What you are asked to do ▸
Output every record word for word, minus the pictures.

───

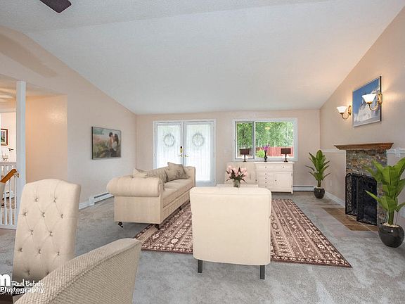 Tastefully updated hillside ranch just minutes from DT Anchorage! This lovely 5 bed/2.5 ba home boasts mtn views, new carpet & paint, cath ceils, newer baths & a large south facing deck! Two spacious living areas w/ bedrms on both lvls make this home perfect for a large family or entertaining guests! Heated 2-car garage & last but not least, the big flat lot is on public utilities!
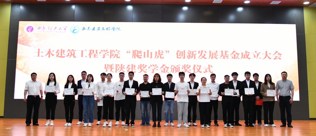 日前,“学史力行办实事,砥砺奋进谱新篇”土建学院建院10周年系列活动之“‘爬山虎’创新发展基金成立大会暨‘陕建奖学金’颁奖仪式”在曲江校区图书馆报告厅举办。
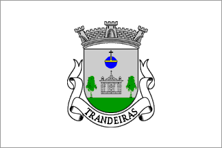 Shield Argent, a belfry Argent, flanked by two trees Vert, issuant from base Vert, in chief an orb Azure garnished Or. Mural crown Argent with three visible towers (village rank) and white scroll reading in black upper case serifed letters "TRANDEIRAS".
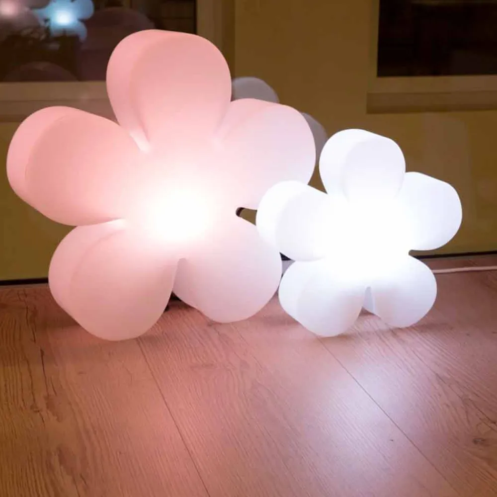 Blumenförmige Stehlampe aus weißem Polyethylen, wahlweise mit Aufsatz und in zwei Größen für drinnen oder draußen.
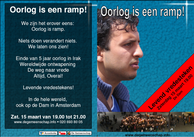 Oorlog is een ramp! - Levend vredesteken op de Dam in Amsterdam -
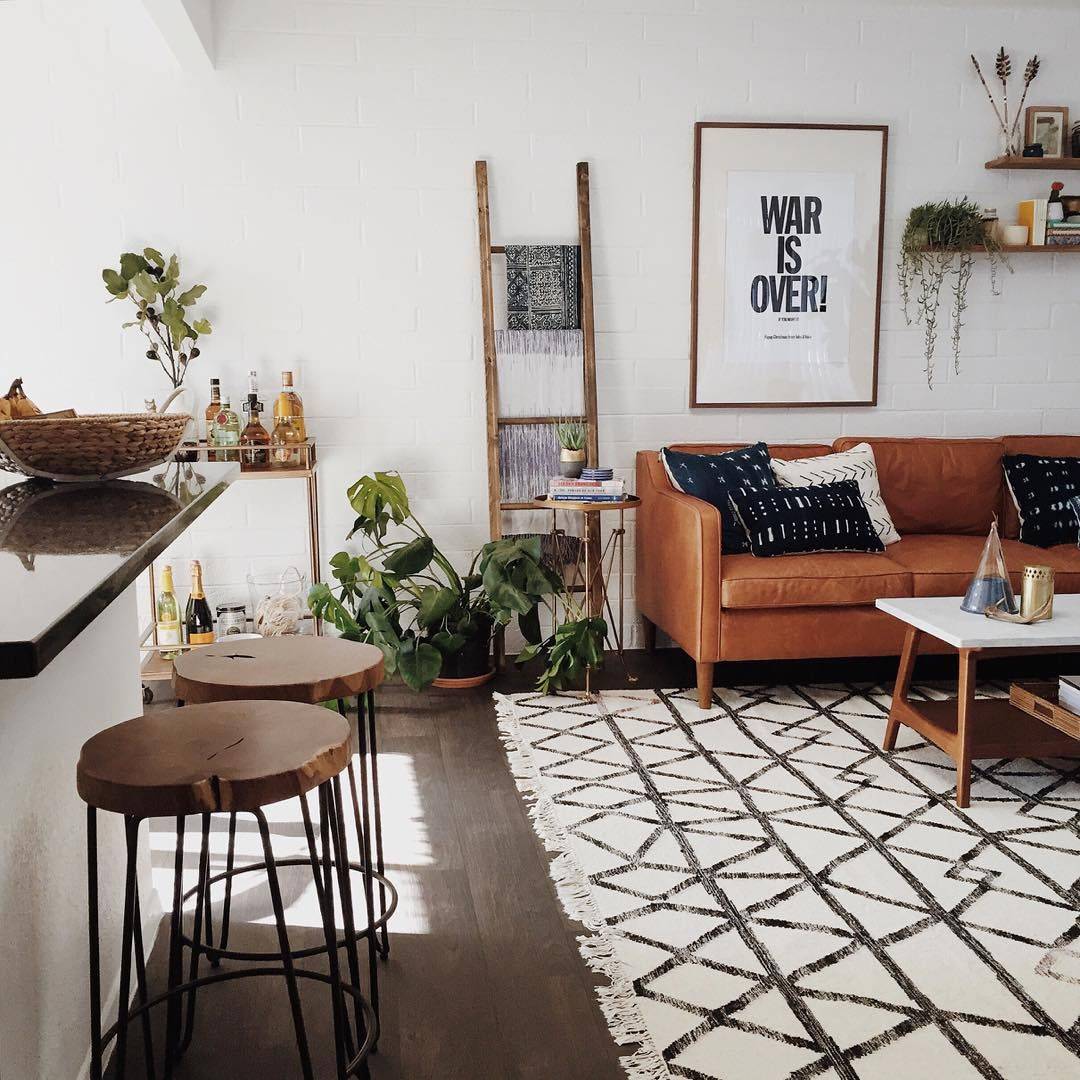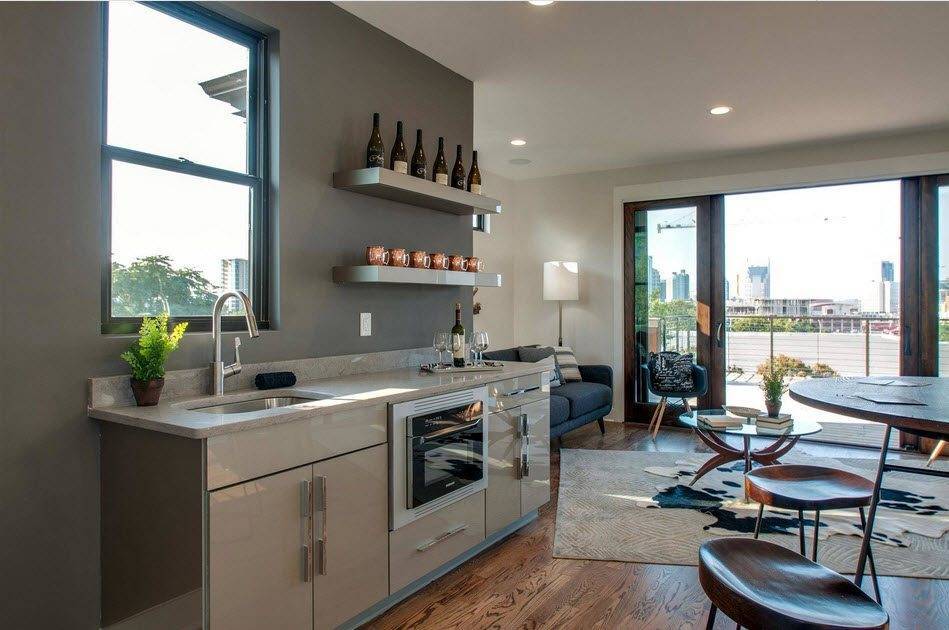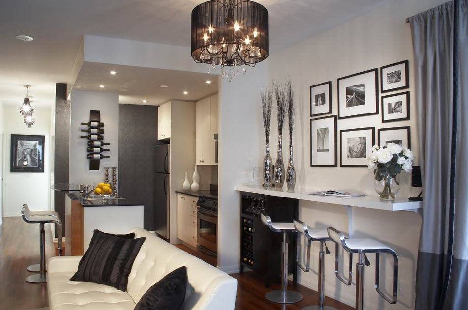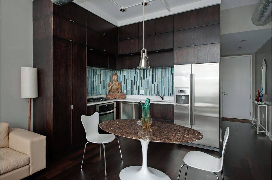 Возле барной стойки. Есть мнение, что такой вариант — для просторных кухонь-гостиных. Но пример ниже демонстрирует органику и с небольшой комнатой.

───

Solution ▸
 Tastefully updated hillside ranch just minutes from DT Anchorage! This lovely 5 bed/2.5 ba home boasts mtn views, new carpet & paint, cath ceils, newer baths & a large south facing deck! Two spacious living areas w/ bedrms on both lvls make this home perfect for a large family or entertaining guests! Heated 2-car garage & last but not least, the big flat lot is on public utilities!
 日前,“学史力行办实事,砥砺奋进谱新篇”土建学院建院10周年系列活动之“‘爬山虎’创新发展基金成立大会暨‘陕建奖学金’颁奖仪式”在曲江校区图书馆报告厅举办。
 Shield Argent, a belfry Argent, flanked by two trees Vert, issuant from base Vert, in chief an orb Azure garnished Or. Mural crown Argent with three visible towers (village rank) and white scroll reading in black upper case serifed letters "TRANDEIRAS".
 Blumenförmige Stehlampe aus weißem Polyethylen, wahlweise mit Aufsatz und in zwei Größen für drinnen oder draußen.
 Oorlog is een ramp! - Levend vredesteken op de Dam in Amsterdam -
 Возле барной стойки. Есть мнение, что такой вариант — для просторных кухонь-гостиных. Но пример ниже демонстрирует органику и с небольшой комнатой.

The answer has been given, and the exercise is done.